Bloomberg: “Treasury Secretary Steven Mnuchin and House Speaker Nancy Pelosi will kick off a first round of negotiations on the next virus relief plan even as Republicans are still hashing out an agreement among themselves. With the pandemic surging across the country and economic data pointing to a stalled recovery, Pelosi and Mnuchin are scheduled to meet Tuesday afternoon, along with Senate Democratic Leader Chuck Schumer and White House Chief of Staff Mark Meadows. Mnuchin and Meadows will meet earlier in the day with Senate Republicans, where the administration may face pushback from GOP lawmakers as they go over their ideas for getting schools reopened and businesses hiring. The White House and Congress have only a few weeks to come up with another stimulus to prevent the economic rout caused by the coronavirus from deepening.”

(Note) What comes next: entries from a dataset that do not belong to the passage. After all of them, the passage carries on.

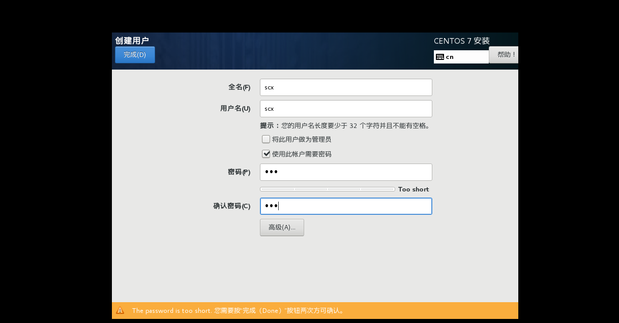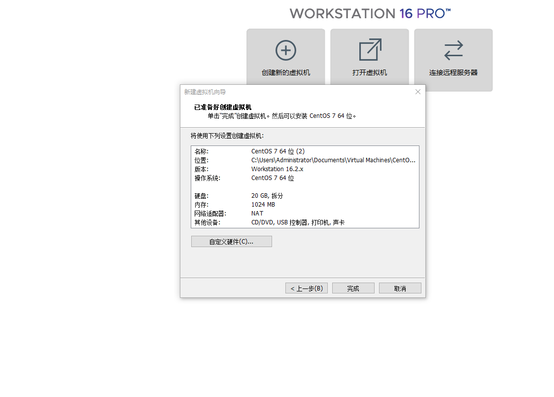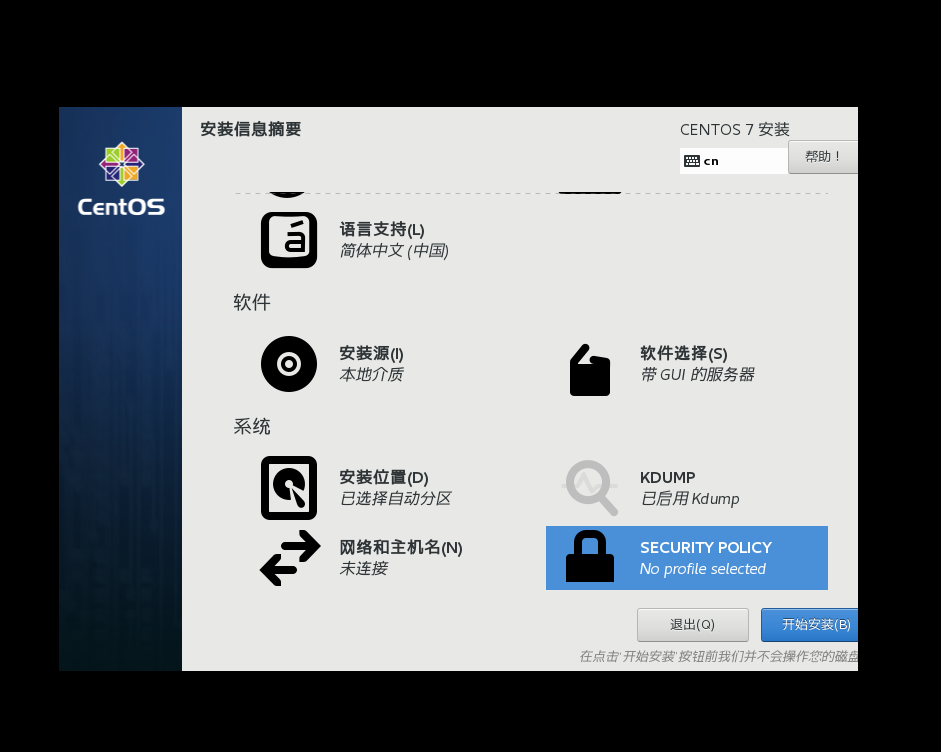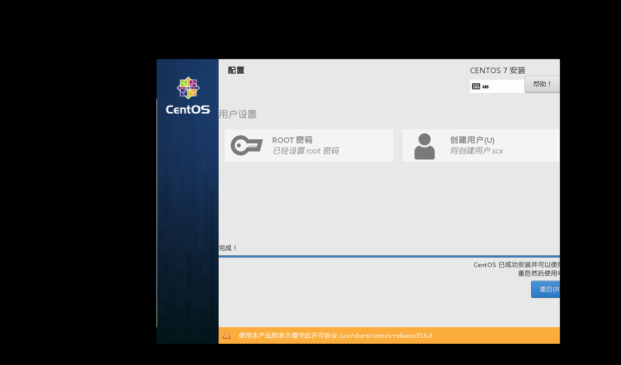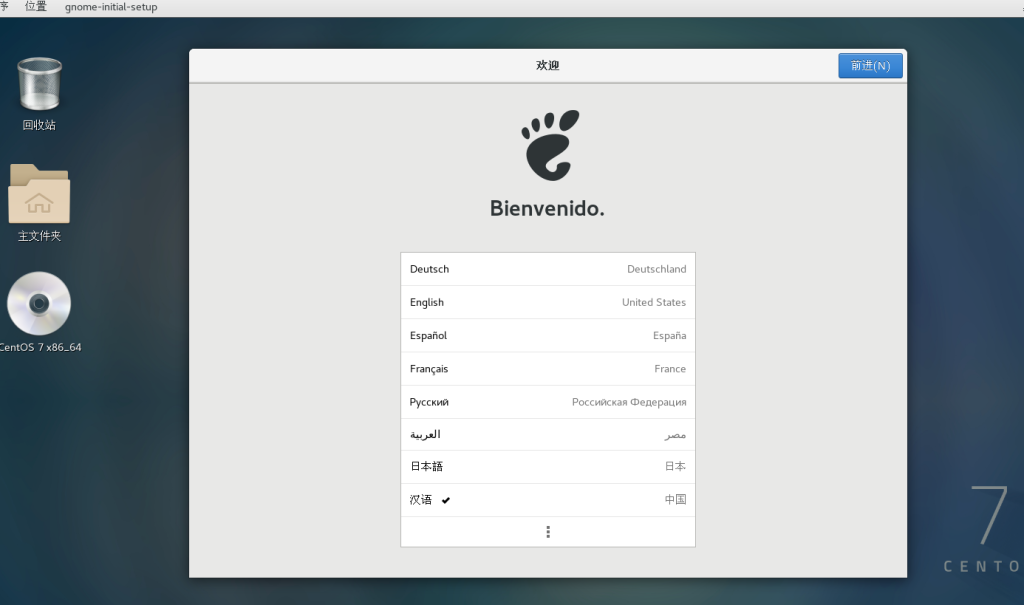 最后一步点击开始使用就可以在虚拟机软件上使用centos7操作系统了。
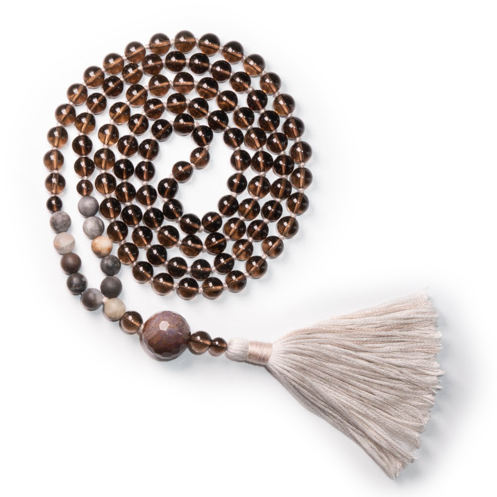 Smoky Quartz, Amazonite & Agate – Temple Mala Necklace
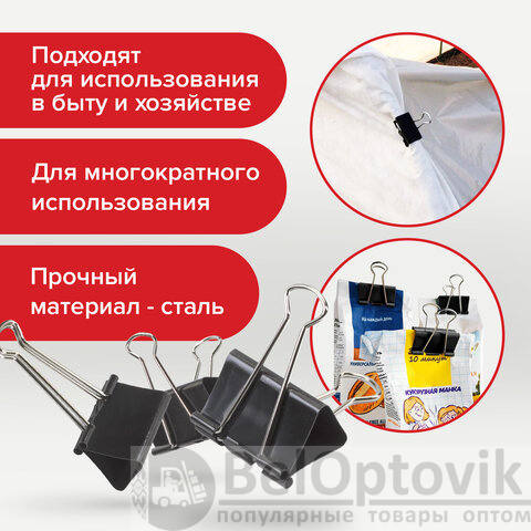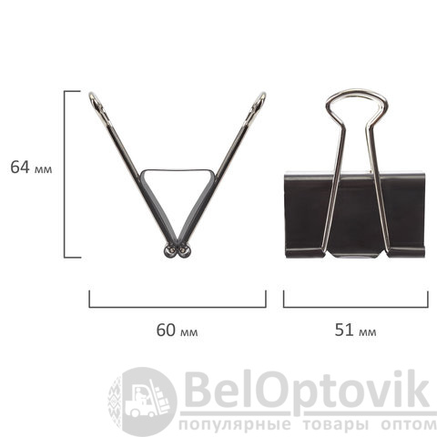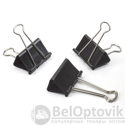 Изготовлены из стали с черным покрытием. Позволяют скреплять до 230 листов. Не деформируют бумагу. Ширина зажима - 51 мм. Поставляются по 12 штук в картонной коробке.
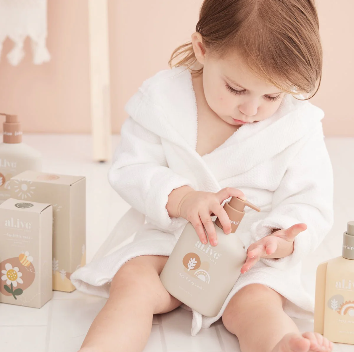 The al.ive baby Hair and Body Wash in calming oat is two-in-one product that is specially formulated to gently cleanse and nourish baby's skin and hair, and with the easy pump lids, bath time has never been easier.
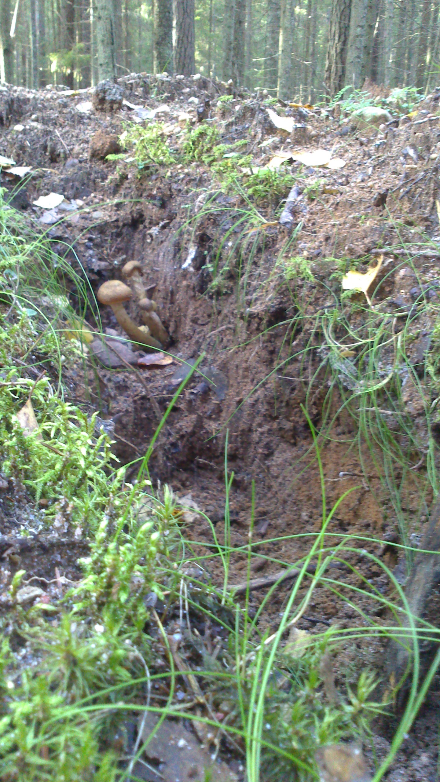 Опята способны расти прямо в песке. Это борозда от трактора который делал противопожарные канавы. Вообще много удивительного узнаешь. До того как я серьёзно увлекся историей, стал внимательнее смотреть на мир и вообще полез в дебри, многие вещи мне и в голову не приходили, а если бы кто-нибудь сказал что грибы, тем более опята, могут расти на песке, никогда бы не поверил.
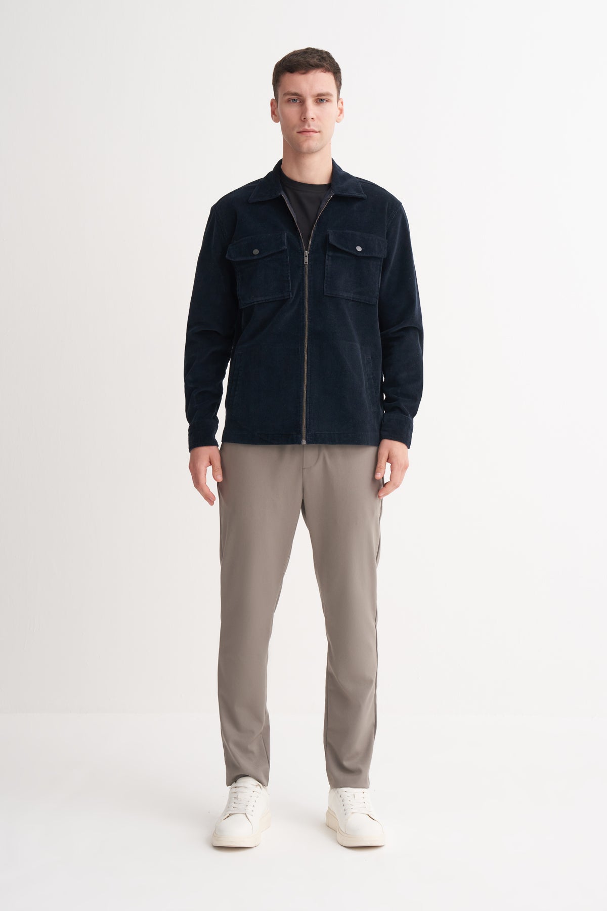 Regular Fit Kadife Yan Cepli Overshirt Gömlek
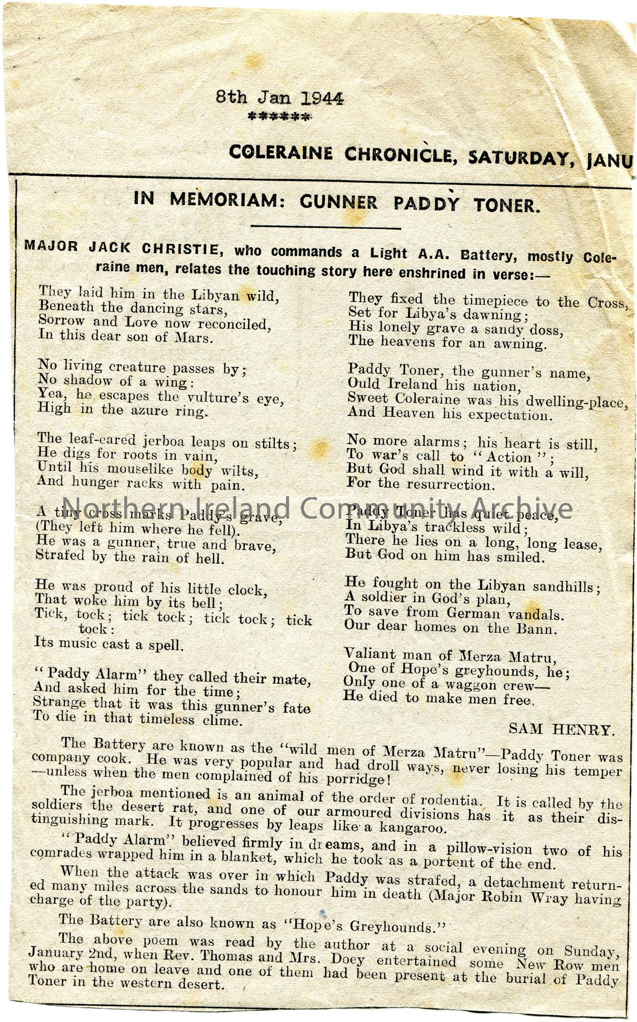 Article cut from the Coleraine Chronicle newspaper. A memoriam by Sam Henry for Gunner Paddy Toner. Includes poem by Major Jack Christie, commander of a Light A.A. Battery of mostly Coleraine men.
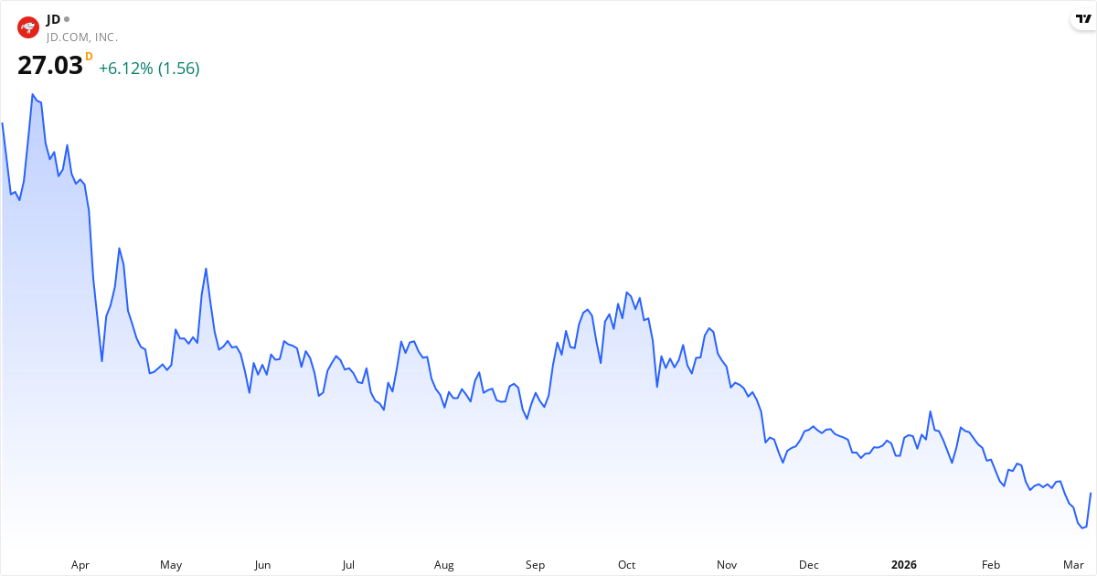 JD.com handlas till ett P/E på 8.3, vilket är under markedsgenomsnittet och kan indikera en attraktiv pris. Forward P/E er 9.2. P/S-ratioen er 0.0 (lav — potentiellt undervärderad ift. omsättning). P/B er 1.1. PEG-ratioen er 1.27.
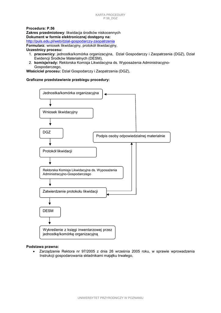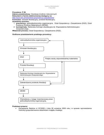 KARTA PROCEDURY P.56_DGZ Procedura: P.56 Zakres przedmiotowy: likwidacja środków niskocennych Dokument w formie elektronicznej dostępny na: http://puls.edu.pl/web/dzial-gospodarczy-zaopatrzenia Formularz: wniosek likwidacyjny, protokół likwidacyjny, Uczestnicy procesu: 1. pracownicy: jednostka/komórka organizacyjna, Dział Gospodarczy i Zaopatrzenia (DGZ), Dział Ewidencji Środków Materialnych (DESM), 2. komisje/rady: Rektorska Komisja Likwidacyjna ds. WyposaŜenia AdministracyjnoGospodarczego, Właściciel procesu: Dział Gospodarczy i Zaopatrzenia (DGZ), Graficzne przedstawienie przebiegu procedury: Jednostka/komórka organizacyjna Wniosek likwidacyjny DGZ Podpis osoby odpowiedzialnej materialnie Protokół likwidacji Rektorska Komisja Likwidacyjna ds. WyposaŜenia Administracyjno-Gospodarczego Zatwierdzenie protokołu likwidacji DESM Wykreślenie z księgi inwentarzowej przez jednostkę/komórkę organizacyjną Podstawa prawna: • Zarządzenie Rektora nr 97/2005 z dnia 26 września 2005 roku, w sprawie wprowadzenia Instrukcji gospodarowania składnikami majątku trwałego, UNIWERSYTET PRZYRODNICZY W POZNANIU

McConnell looks to hold the line – AP: “The package from [Mitch] McConnell … is expected to include at least $70 billion to help schools reopen. It will likely replace an expiring $600 weekly unemployment benefits boost with a smaller amount. The GOP’s proposed cut in unemployment assistance is designed to ensure that jobless people do not receive a greater benefit than if they were working. McConnell said his package will send a fresh round of direct cash payments to Americans below a certain income level, extend small business loans under the Paycheck Protection Program and create a sweeping five-year liability shield against coronavirus lawsuits. But the president’s priorities are splitting his GOP allies in Congress giving momentum to Democrats as talks are underway. The administration criticized the GOP’s push for $25 billion more in virus testing… [President Trump] insisted on a full payroll tax repeal that many Republican senators oppose. The White House also wants to link $70 billion in education funds to mandates that schools reopen.”
Lots of skepticism, little time – WaPo: “In a sign of the hard sell the White House faces, Senate Finance Committee Chairman Charles E. Grassley (R-Iowa) sounded skeptical when asked about the payroll tax cut Monday evening. ‘I think you’d better ask me after [Tuesday] so we can hear from the administration if they’re really serious about it,’ Grassley said. Senate Majority Leader Mitch McConnell (R-Ky.) is giving Congress just three weeks to write the bill before adjourning for summer recess. With multiple issues dividing the two parties and creating rifts between the White House and Senate Republicans, it’s shaping up as a daunting task.”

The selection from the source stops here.